During the Q&A; at the Niklaus Wirth talk last night someone mentioned formal methods from the Hoare school of work. Such as Hoare Logic. In particular they were asking why the work there had fallen out of favor, and wasn’t used more widely. Which got me thinking about the cost of axiomatic proof of computer systems. Which got me thinking about my background in computer security.
Before I had a job within a large company doing computer security, I used to think that security professionals spent most of their time updating access control lists, looking at packet logs, auditing application code, and doing all sorts of technical stuff. I thought that computer security within organizations was all about keeping people out of your data and off your systems. It’s not. It’s about spending as little as possible on issues related to the security of your computers. It’s not all about keeping people off your systems. It’s about figuring out how much it costs the company if people do make it onto your systems, and then figuring out how much it keeps to keep those people off your systems, and then picking whichever of those two costs less. Like insurance, it’s all about risk management.
Of course all kinds of issues get wrapped up in figuring out how much a compromise costs. If it’s a public compromise there’s image damage to take into account, in particular the effect on customer confidence. But at heart it’s a weighing of the expected losses due to intrustion (chance of occurance times cost per incident) against the cost of prevention. If it costs more to prevent than it does to sweep under the rug, you take the chance with the unprotected system and hope for the best. The security guys make jokes about the only secure computer being one that’s kept locked in the basement, disconnected from the network, and switched off. That’s the cost of 100% security, 0 productivity. That’s one of the nasty points of security, it is impossible to reduce the exposure risk to 0% and still get work done with the system. No matter how much money you put in, there’s always a chance of compromise. And the cost grows exponentially as you get closer to the low end of the risk scale. More and more money buys you less and less relative change in security.
Given this environment any business doing work on the Internet would be crippled with security costs if they were trying for absolute security. Nothing would ever get done. Ever. So the solution to costs spiralling out of control is the risk management approach. An implementation plan is based not on doing things absolutely correctly, but based on what can be done that will cost less than the perceived cost of doing nothing at all. I see a direct correlation here with software engineering. The question is not how to build a system which is 100% correct, but how to build a system that delivers more value than it costs to develop. In my mind that’s why the ideas from the formal verification end of computer science aren’t in more general use. The cost of training people with these tools, and then using them in building systems, raises the cost of systems beyond the cost of just not writing them at all.
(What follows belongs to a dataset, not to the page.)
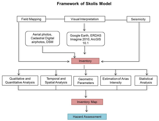 A common approach for studying slope failure by an earthquake or cumulative earthquakes is the inventory of the induced landslides. Landslide inventory, according to Cruden [1] and Fell et al. [2] is the record of the location, classification, volume, activity, and date of occurrence, where known, of individual landslides in an area as inventory maps. Although inventory maps have received particular attention for landslide susceptibility, landslide maps cover less than 1% of the slopes in the landmasses, and systematic information on the type, abundance, and distribution of landslides is lacking. [3]. There are many criteria for long-term inventory maps depending on the purpose or the extent or the available remote sensing data (i.e., aerial photographs or satellite images) that contribute to its temporal completeness [4,5]. Furthermore, in the case of earthquake-induced landslides, the completeness of the records of local seismicity are also very important. Thus, it is necessary to have a consecutive time series of remote sensing and earthquake data to determine the reactivation and appearance of old and new landslides, respectively. According to Xu [6], landslide inventories based on remote sensing data can avoid missing a large number of small scale landslides and can obtain detailed and comprehensive earthquake-triggered landslide inventories.

Most business people understand the concept, but I think it’s probably so ingrained that it rarely get articulated explicitly. And this is probably partially responsible for the tension between business and technical concerns in most projects. It doesn’t help that most software engineering practices don’t acknowlege this end of the engineering tradeoff at all (with the very notable exception of agile practices, something that I’m just realizing as I’m writing this). It’s hard to come up with numbers attached to the exposure risk in security, and that analysis is normally done at a stage when the issue is much better understood than it is during the development stage. In the absence of those numbers, it seems as if there are very few instances where system development rigor makes it all the way out to formal verification and still stays below the cost of dealing with errors. Given the huge cost associated with changing development practices, a very strong case would have to be made before the attempt could be considered.